Ordinary Differential Equation and Complex Matrix Exponential for
Multi-resolution Image Registration
- URL: http://arxiv.org/abs/2007.13683v1
- Date: Mon, 27 Jul 2020 16:51:25 GMT
- Title: Ordinary Differential Equation and Complex Matrix Exponential for
Multi-resolution Image Registration
- Authors: Abhishek Nan and Matthew Tennant and Uriel Rubin and Nilanjan Ray
- Abstract summary: In this work, we emphasize on using complex matrix exponential (CME) over real matrix exponential to compute transformation matrices.
CME is theoretically more suitable and practically provides faster convergence as our experiments show.
Our proposed method yields significantly better registration compared to a number of off-the-shelf, popular, state-of-the-art image registration toolboxes.
- Score: 6.59529078336196
- License: http://arxiv.org/licenses/nonexclusive-distrib/1.0/
- Abstract: Autograd-based software packages have recently renewed interest in image
registration using homography and other geometric models by gradient descent
and optimization, e.g., AirLab and DRMIME. In this work, we emphasize on using
complex matrix exponential (CME) over real matrix exponential to compute
transformation matrices. CME is theoretically more suitable and practically
provides faster convergence as our experiments show.
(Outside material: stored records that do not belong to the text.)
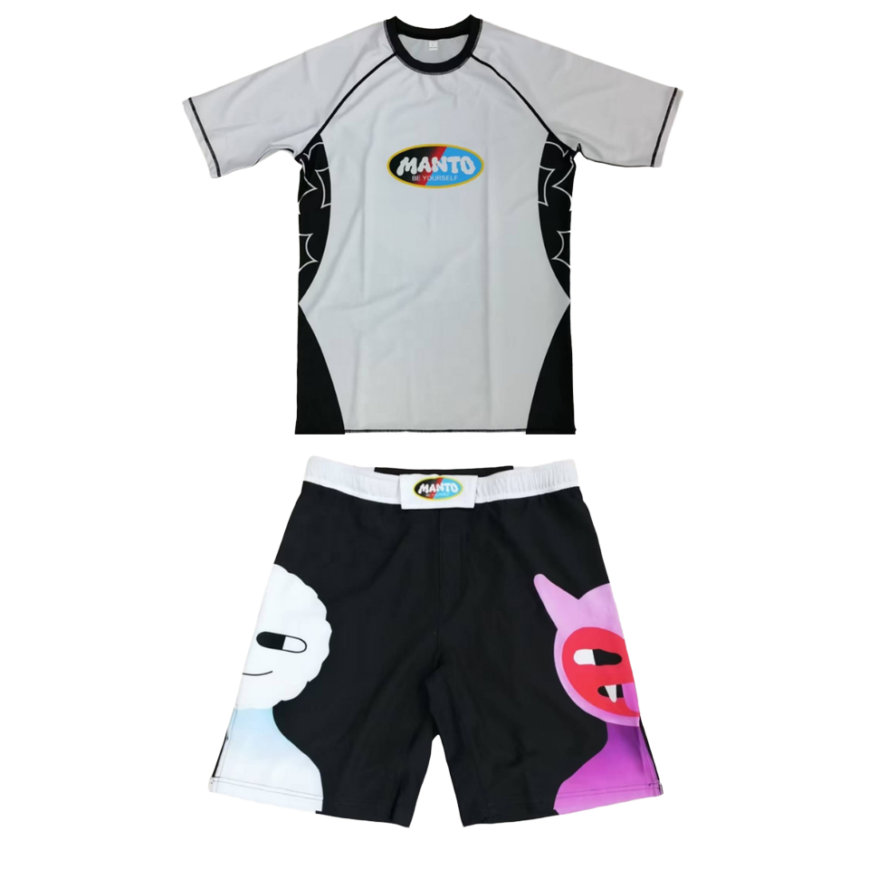 ชุดเสื้อรัดกล้ามเนื้อและกางเกงขาสั้นสำหรับผู้ชายแบบสั่งทำพิเศษ ปี 2026 สำหรับกีฬา MMA และยิวยิตสู-สแปนเด็กซ์/โพลีเอสเตอร์ ป้องกันการหดตัว ชุดสำหรับศิลปะการต่อสู้
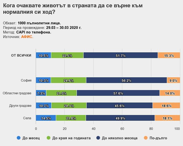 Едва 32% от българите са на мнение, че кризата няма да промени съществено техните доходи. Под 1% са тези, които се надяват в сегашния период да заработят повече от обичайното поради по-голямото натоварване в техния сектор или специалността им (пример са куриерите, медиците, служителите в социалните услуги). А основната маса хора очаква обедняване – от частично („донякъде“ – 37%) до катастрофично („наполовина и повече“ – 31%).
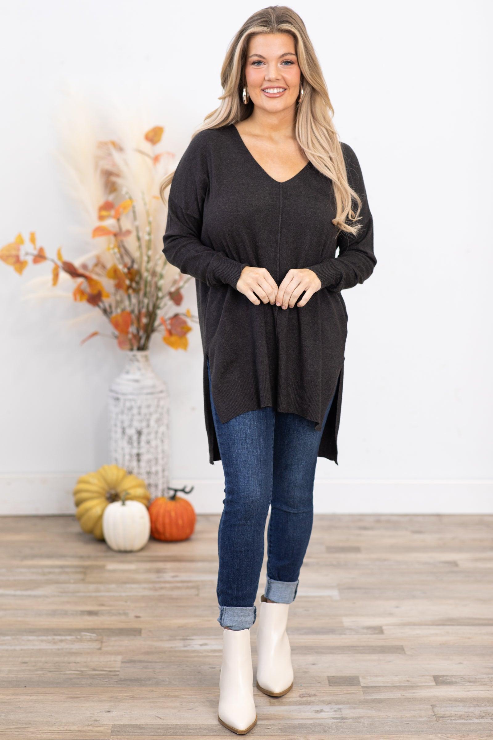 Product Details Colors: Charcoal Print: Solid Neckline: V-Neck Sleeve: Long Sleeve Hemline: Straight Hi/Lo Brand: Zenana Material and Care 50% Viscose 28% Nylon 22% Polyester Hand Wash Cold Hang/Line Dry Size and Fit X Small: Bust 48" Waist 44" Front Length 27" Back Length 29" Small: Bust 50" Waist 46" Front Length 27.5" Back Length 29.5" Medium: Bust 52" Waist 48" Front Length 28" Back Length 30" Large: Bust 54" Waist 50" Front Length 28.5" Back Length 30.5" X Large: Bust 56" Waist 52" Front Length 29" Back Length 31" Photo model is 5'4 and wearing a size small
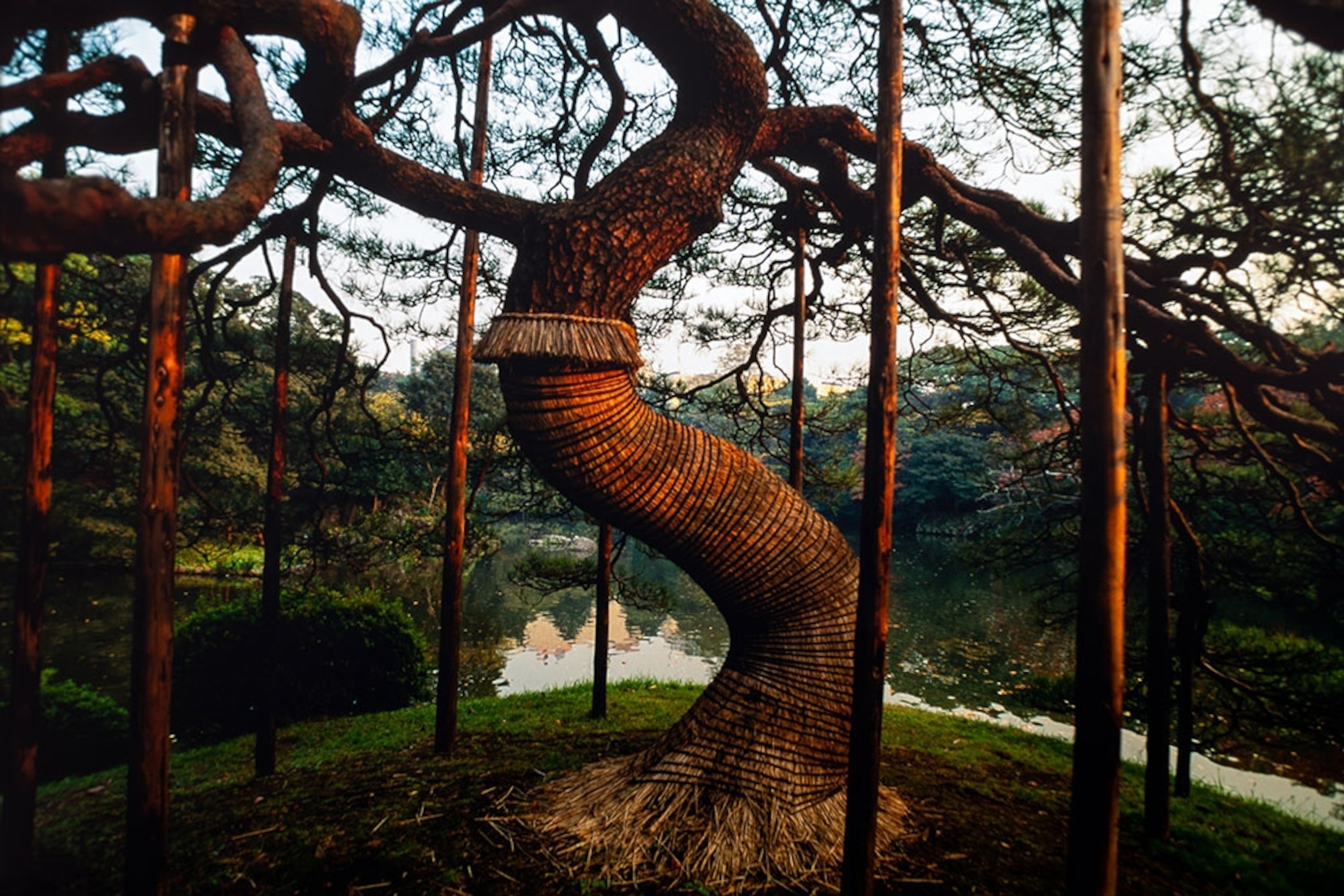 Winterized: The weather in Japan reaches extremes, from hot, humid summers to frigid, icy winters, and for centuries gardeners there have employed beautiful yet practical ways to protect trees from the harshness of winter. Transforming trees into sculptural objects through yukizuri–the art of supporting tree limbs against the weight of heavy wet snow with artfully tied ropes–is an annual ritual. Tree trunks are protected by kokomaki–wraps made of straw. It’s an organic form of pest control that creates a cozy spot for the pine moth (in its caterpillar stage) to roost for the winter, rather than hibernate under fallen leaves. In spring, gardeners collect and burn the wraps filled with still-groggy caterpillars before they are able to gobble up the pine needles and damage the tree.
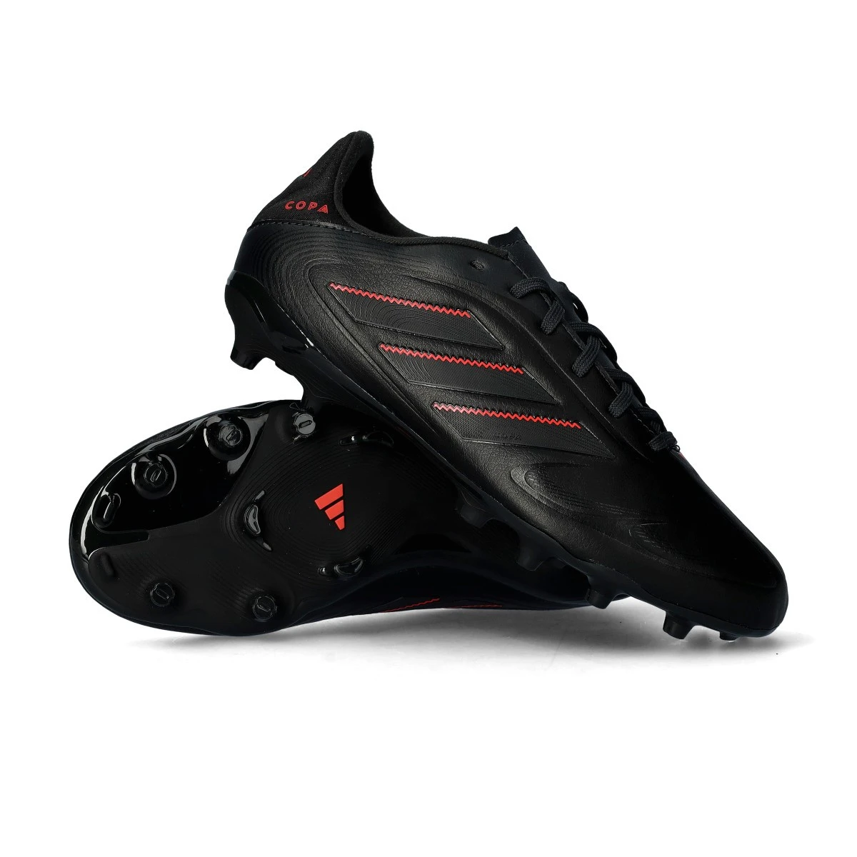 Chaussures de football adidas Copa Pure III League FG/MG. Chaussures en cuir synthétique à utiliser sur les terrains naturels et les terrains artificiels de deuxième génération. Chaussures haut de gamme en Core Black-Carbon-Lucid Red pour les joueurs classiques.
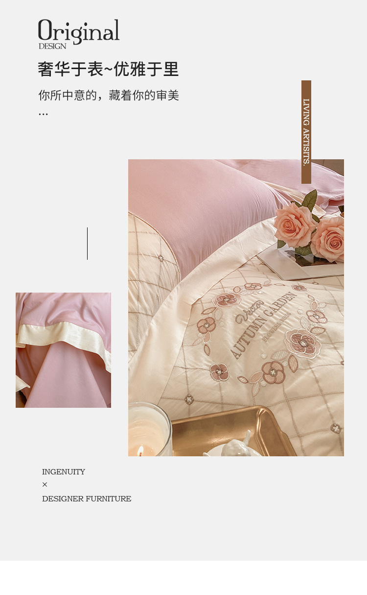 商品名称:绒世界绒世界 2025纯棉四季款春夏新品60s全棉刺绣绣花四件套 菲曼-香芋紫
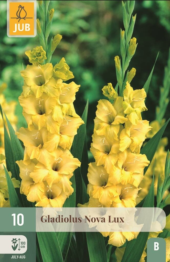 Gladiolen Nova Lux: Stralende gele zomerbloeiers voor je tuin. Breng een vleugje zonnige elegantie in je tuin met de Gladiolen Nova Lux van het kwaliteitsmerk Jub. Deze prachtige zomerbloeiers met hun opvallende gele bloemen zijn een ware blikvanger in elke tuin. De gladiool wordt niet alleen veel gebruikt in zomerse boeketten, maar staat ook schitterend als solitaire plant of in groepen in borders en perken.
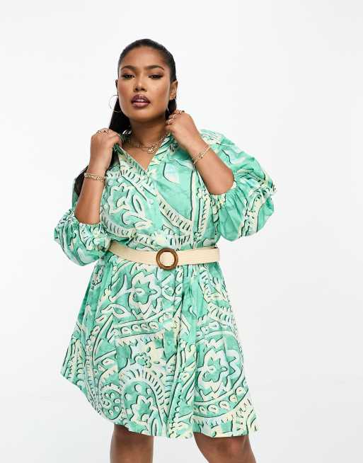 River Island Plus Robe chemise ceintur e motif cachemire Vert
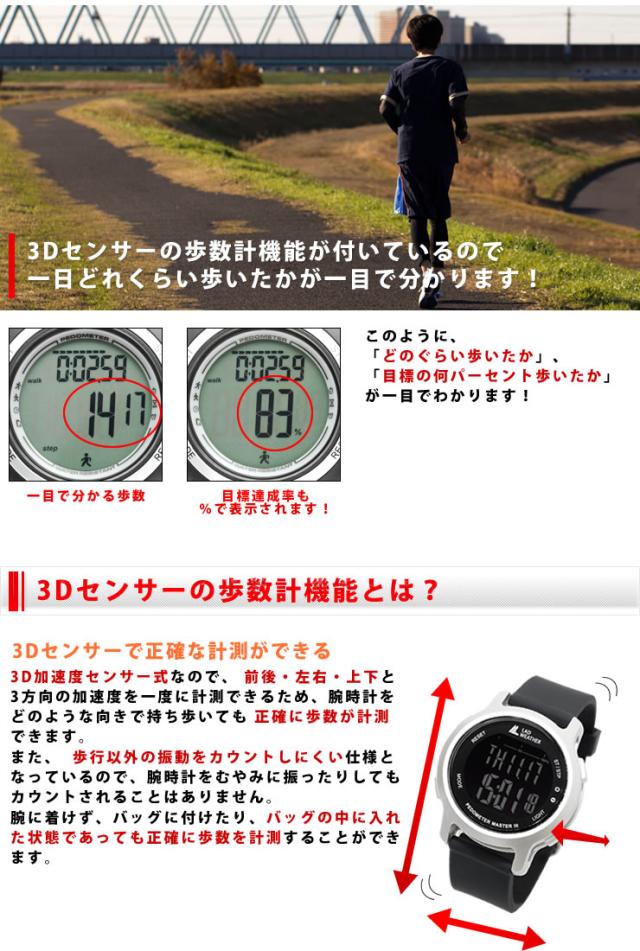 3Dセンサー搭載の歩数計付き腕時計 メンズ レディース デジタルウォッチ ランニング スポーツ ウォーキング ラドウェザー

Further, we demonstrate
that the use of an ordinary differential equation (ODE) as an optimizable
dynamical system can adapt the transformation matrix more accurately to the
multi-resolution Gaussian pyramid for image registration. Our experiments
include four publicly available benchmark datasets, two of them 2D and the
other two being 3D. Experiments demonstrate that our proposed method yields
significantly better registration compared to a number of off-the-shelf,
popular, state-of-the-art image registration toolboxes.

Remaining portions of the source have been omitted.